Personal information
- Date of birth: 20 August 2000 (age 25)
- Place of birth: Kiryat Gat, Israel
- Height: 1.65 m (5 ft 5 in)
- Position: Goalkeeper

Team information
- Current team: Kiryat Gat

Youth career
- 2012–2019: Kiryat Gat

College career
- Years: Team / Apps / (Gls)
- 2021: Flagler Saints / 4 / (0)
- 2022–2024: St.
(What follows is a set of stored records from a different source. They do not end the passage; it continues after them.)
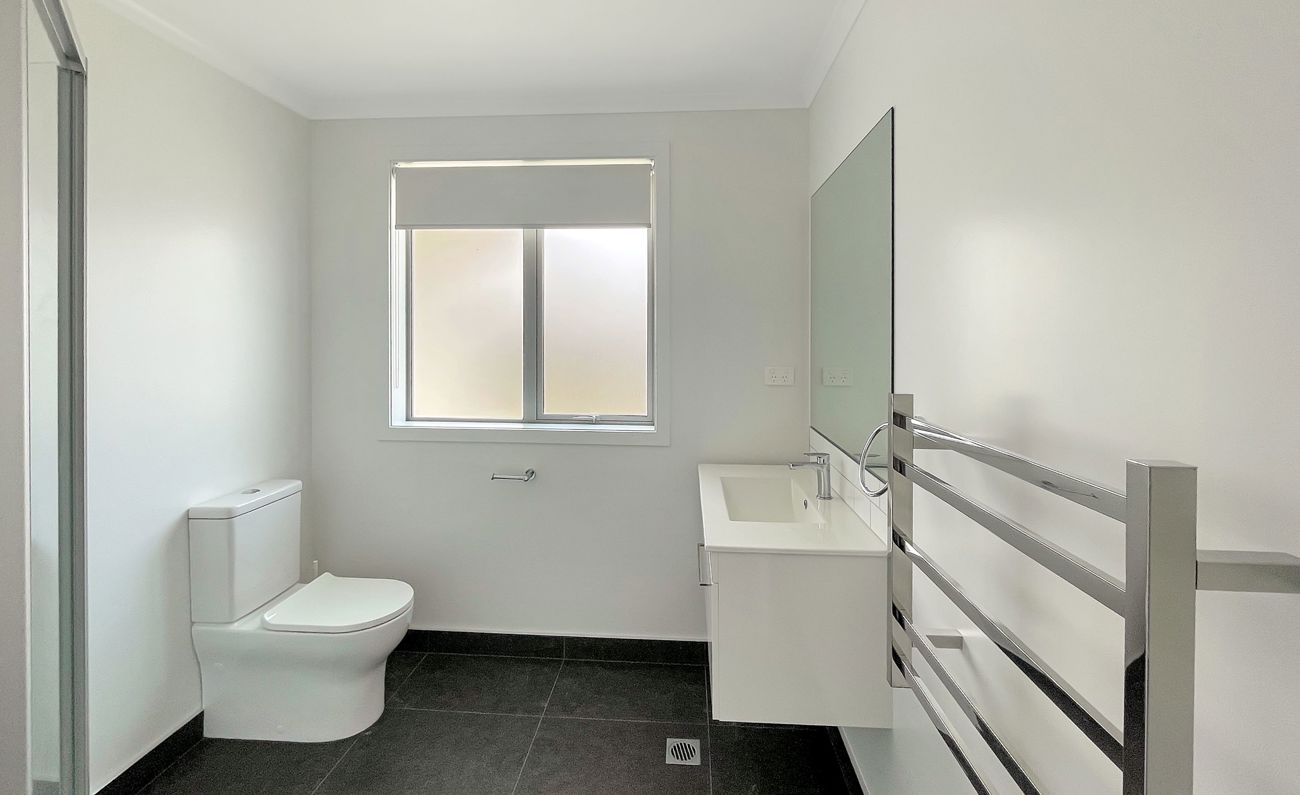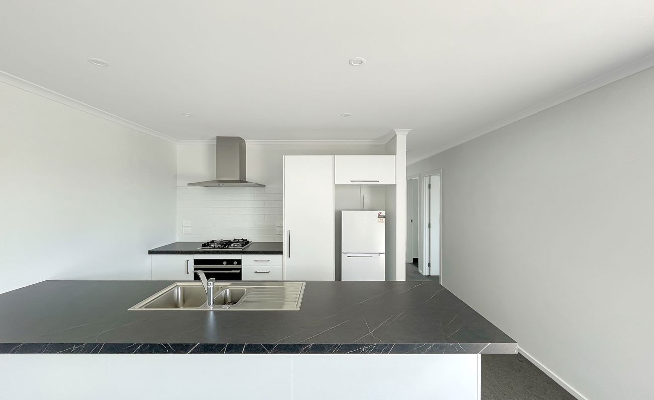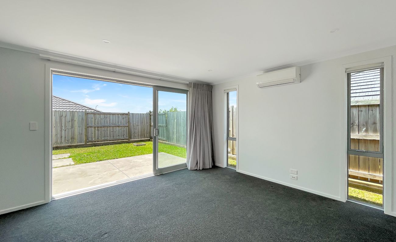 The open-plan living area is the heart of the home, combining the lounge with a well-appointed kitchen. The kitchen features ample bench space, modern appliances, and a breakfast bar, making everyday living easy. The living area opens directly onto the patio and a fully fenced, private section.
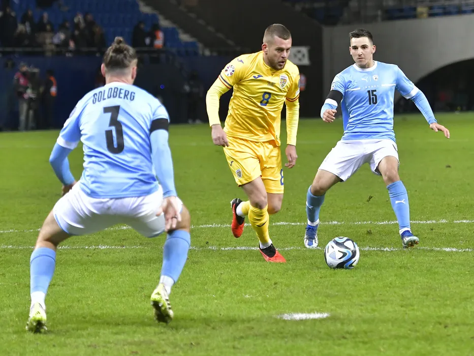Alexandru Cicaldau si Oscar Gloukh in meciul de fotbal dintre Israel si Romania, din cadrul preliminariilor Campionatului European 2024, desfasurat pe Puskás Akadémia Pancho Aréna din Felcsut, sambata 18 noiembrie 2023. © FOTO:Adrian Ecaterinescu/SPORT PICTURES
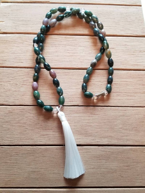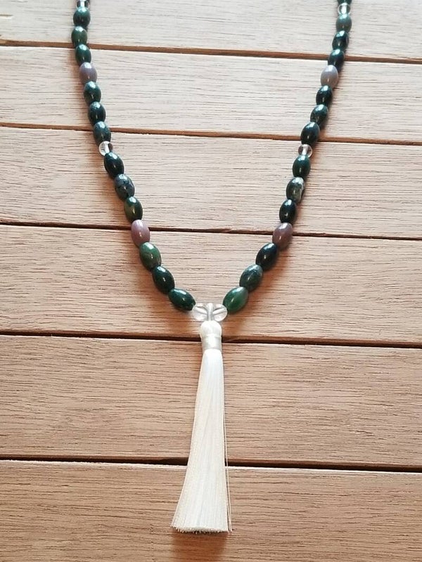 Descriptif : Monté sur fil en coton ; 52 perles olive en agate indienne, 8 perles en cristal de roche 6 mm, un cône cache nœud argenté & 1 pompon blanc de 8 cm. longueur nuque pompon 43 cm environ.
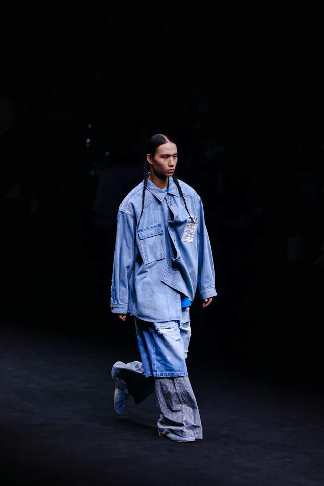 2026春夏主推系列以海洋为核心灵感,融合东方哲学中“虎鲸精神”的勇敢、力量与凝聚,通过简约的设计语言,诠释当代时尚与可持续共生的未来愿景。色彩采用以海洋层次为灵感的分层色彩,海平面之浅蓝、浅海之蔚蓝、深海之墨蓝,搭配环保洗水牛仔的自然褪色质感,采用宽松版型,流畅的剪影诠释着海洋带来的自由感。而面料上则选择环保洗水牛仔布,采用节水工艺与有机棉混纺,部分面料源自回收海洋塑料再生纤维,体现“从海洋回归海洋”的闭环理念。牛仔洗水工艺同样采用激光打磨与臭氧洗水技术,配合使用可降解材料和环保纸制造的标签与包装,而从大大地降低水与化学品使用。
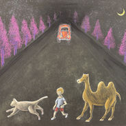 ちいさなあかいくるまが、よるのみちを迷いながらとぼとぼと走ってゆきます。
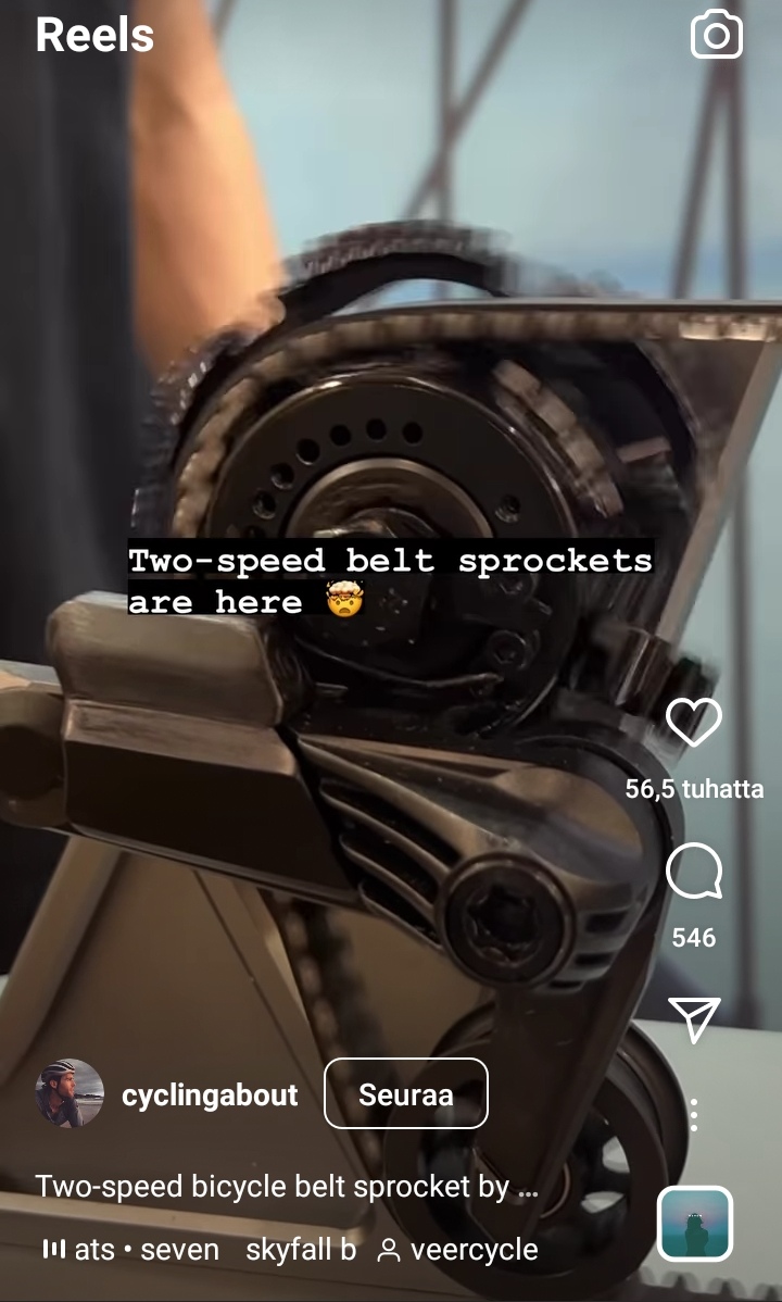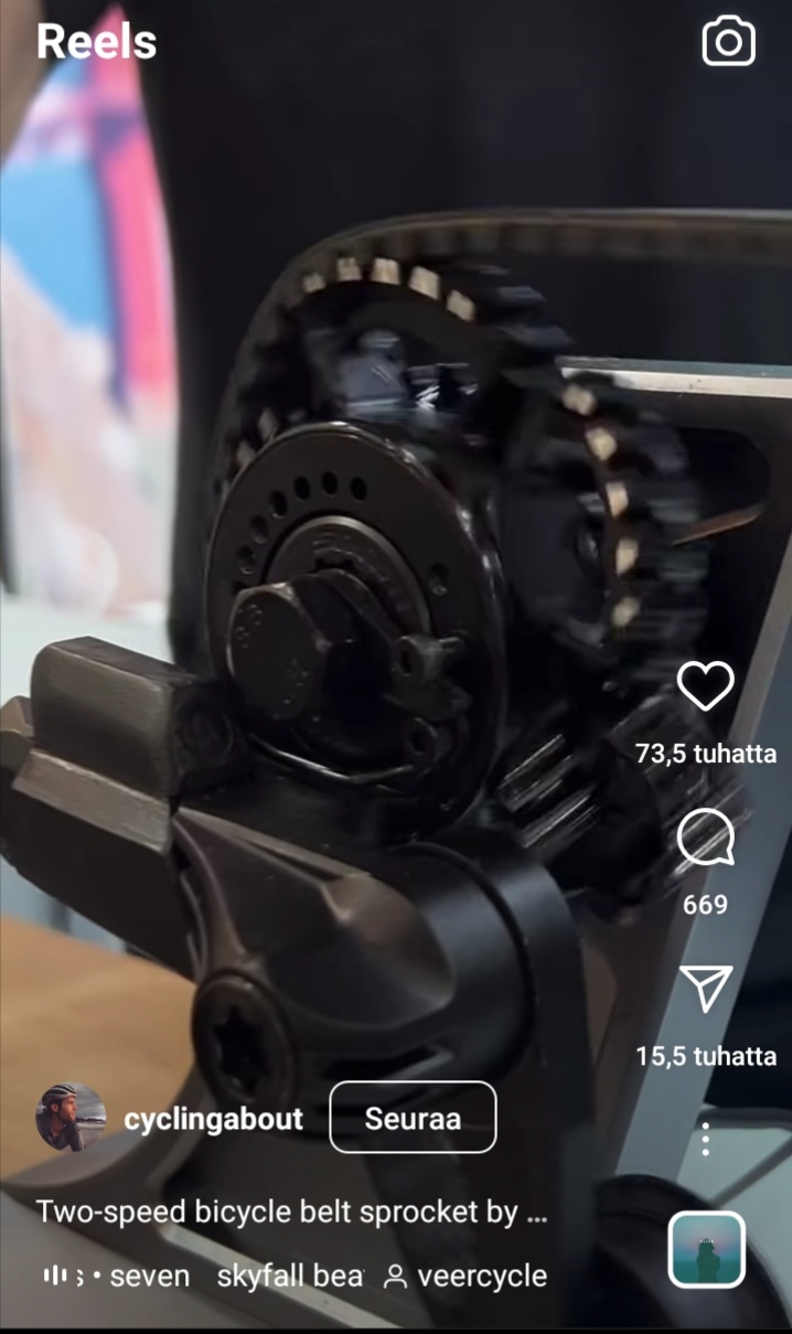 En tiedä instagrammeista, enkä muutenkaan tästä tuotteesta, mutta tuollaista hihnaa ei saa toimimaan kuin linjassa, joten ainoa keino vaihtaa vaihdetta kahdella eri kokoisella hihnapyörällä on laittaa kaksi hihnapyörää samalle akselille rinnakkain myös hihnan toiseen päähän. Tällainen hihna on sivusuunnassa niin jäykkä, ettei pysy päällä, jos veto on vähänkin vino. Tätä ominaisuutta on sitten hyvä käyttää vaihtajan toiminnassa. Vaihtaja siis työntää hihnan ensin pois isommalta hihnapyörältä, sitten työntää hihnan toisen pään sen pään isommalle pyörälle, jolloin hihna kiristyy aloittaneen pään pienemmälle hihnapyörälle. Hiihna siis vain vaiheittain suuntaissiirtyy toiselle hihnapyöräparille. Kahta vaihdetta varten tarvitaan siis neljä hihnapyörää.
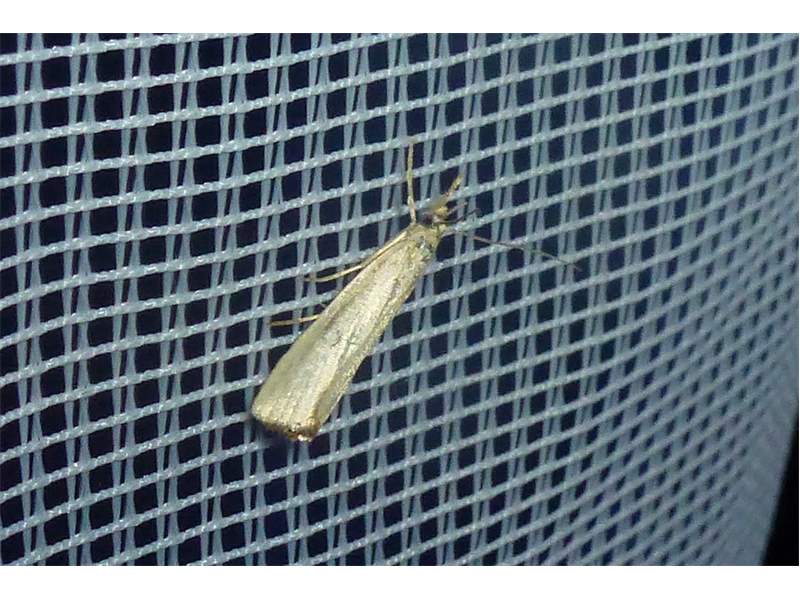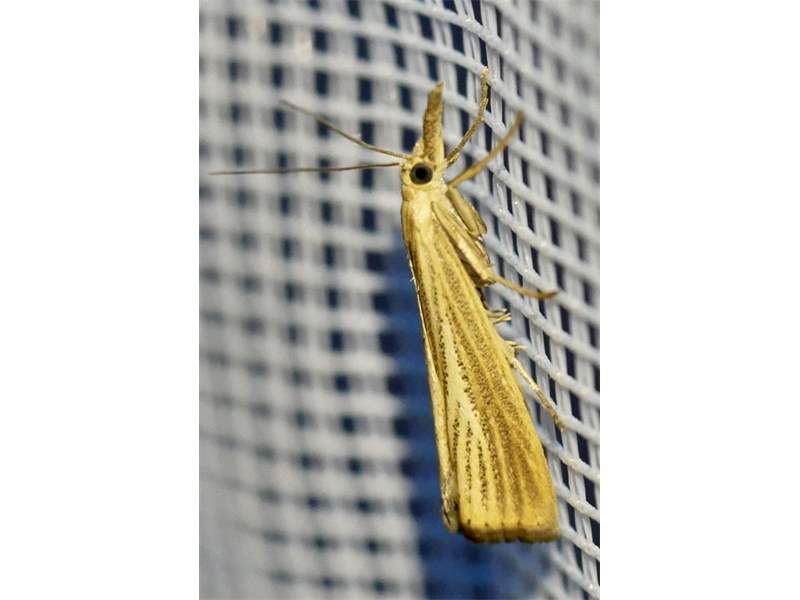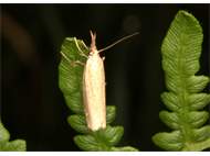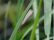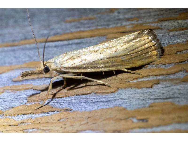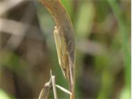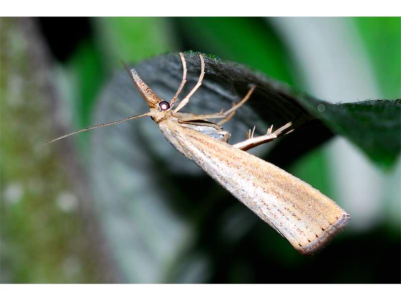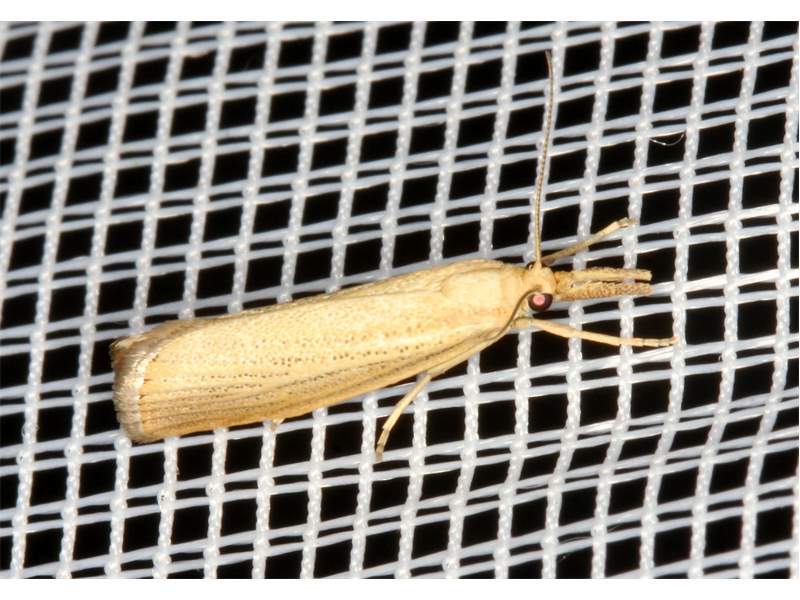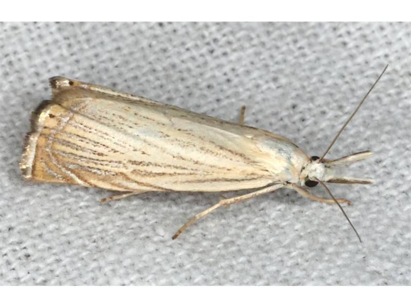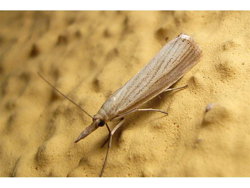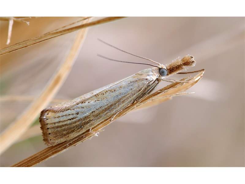 Agriphila straminella (Denis & Schiffermüller, 1775), bei Scheibenberg, auf Schilfblatt, 01.08.2018 (© Wolfgang Dietrich)( Bild vergrößern)
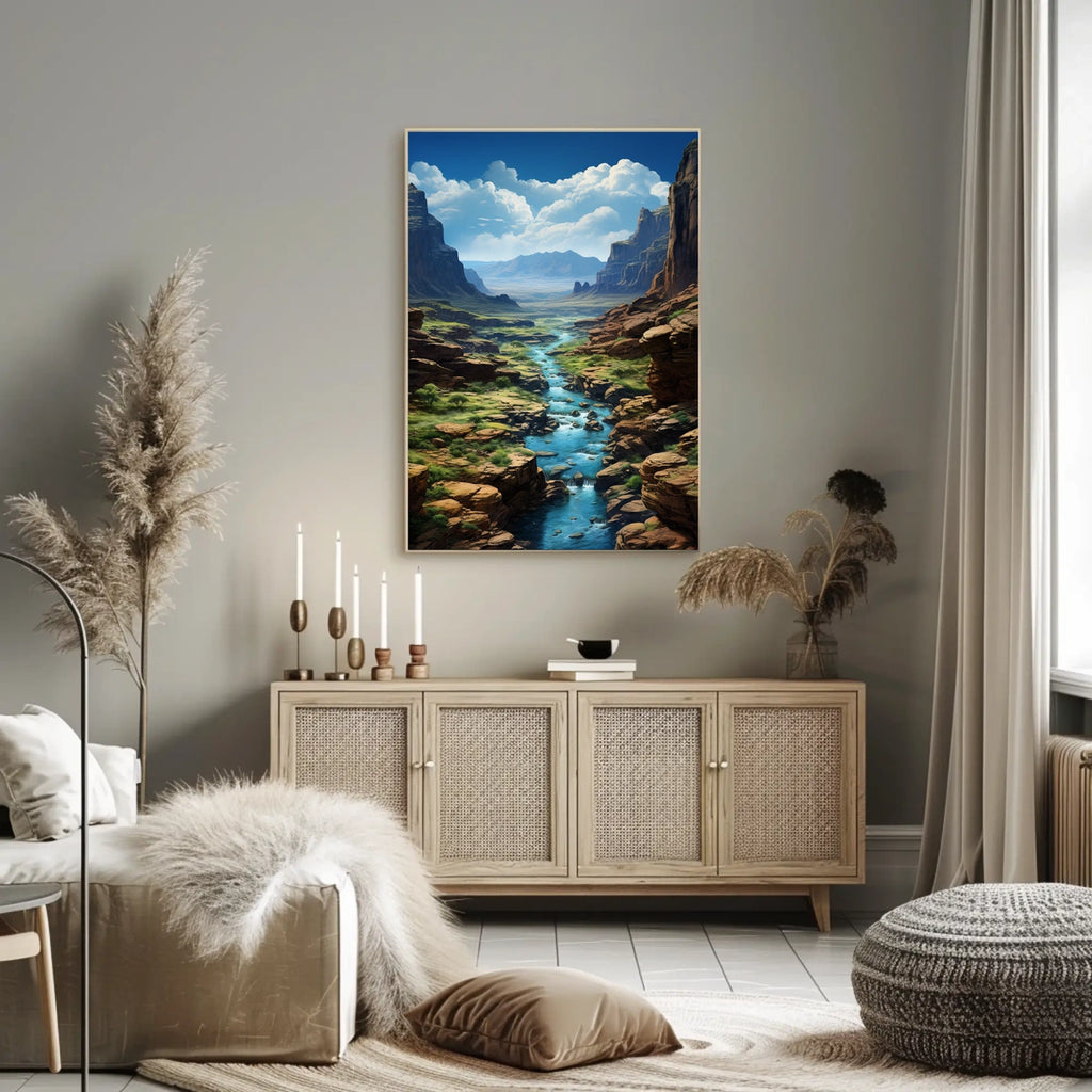 This poster captures the essence of Majestic Canyon Landscape. Designed for decor lovers and wanderlust spirits, this art print adds charm to any room with visuals inspired by real-world scenery.
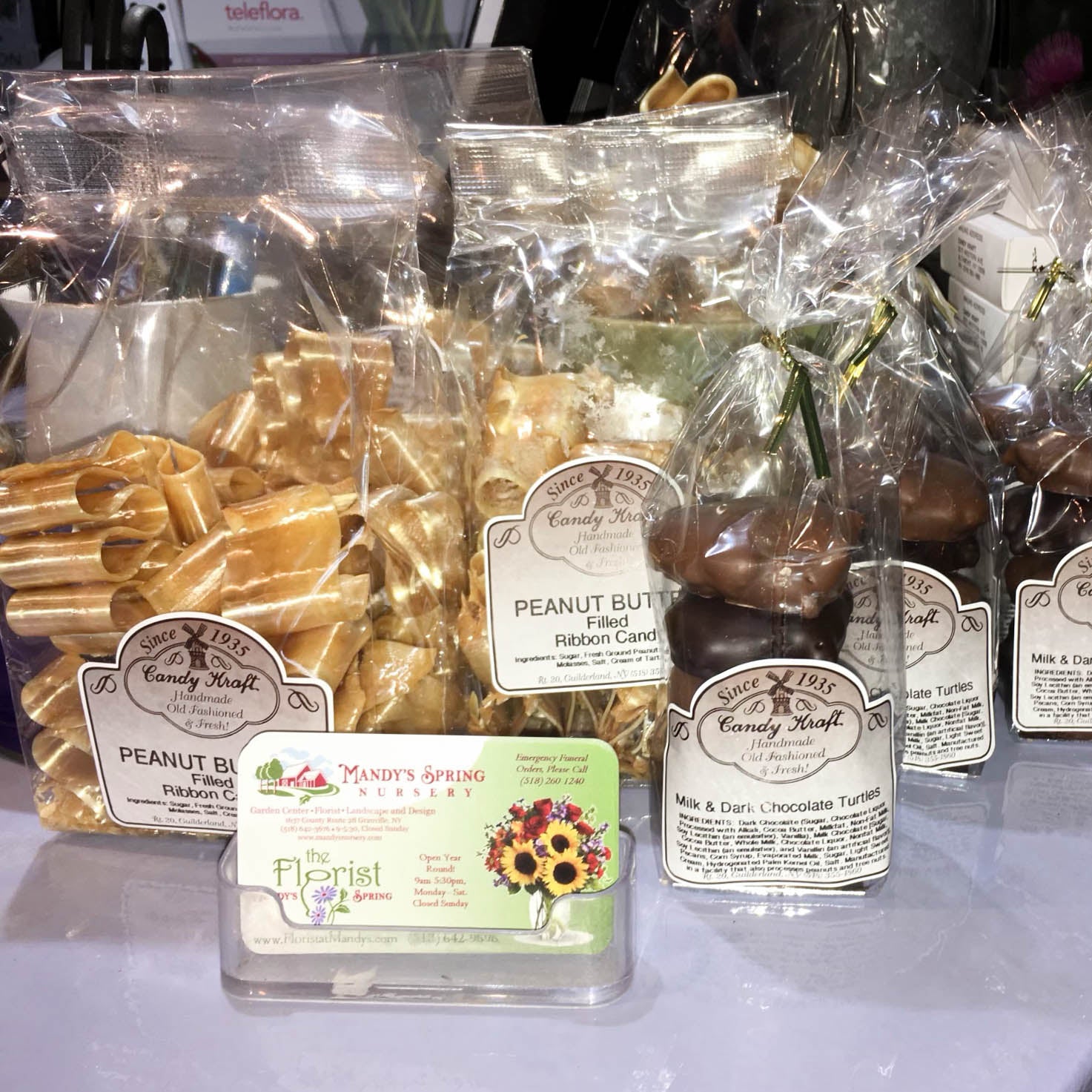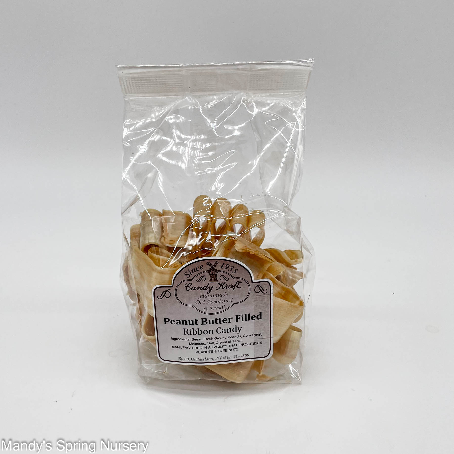 Peanut butter filled, chocolate filled, or assorted ribbon candy. Made locally by Candy Kraft Candies in Albany, New York.

Leo Lions / 13 / (0)

Senior career*
- Years: Team / Apps / (Gls)
- 2015–2019: Youth Academy / 55 / (0)
- 2019–2021: Kiryat Gat / 29 / (0)
- 2025: Hapoel Be'er Sheva / 12 / (0)
- 2025–: Kiryat Gat / 26 / (0)

International career^{‡}
- 2021–: Israel / 9 / (0)

= Amit Beilin =

Israeli footballer

Amit Beilin (עמית ביילין; born 20 August 2000) is an Israeli footballer who plays as a goalkeeper for Israeli team Kiryat Gat and the Israel women's national team.

==Early life==
Beilin was raised in Kiryat Gat.

==College career==
Beilin has attended Flagler College in the United States. Beilin transferred to St. Leo University for the 2022 season.

==International career==
Beilin has been capped for the Israel national team, appearing for the team during the 2023 FIFA Women's World Cup qualifying cycle.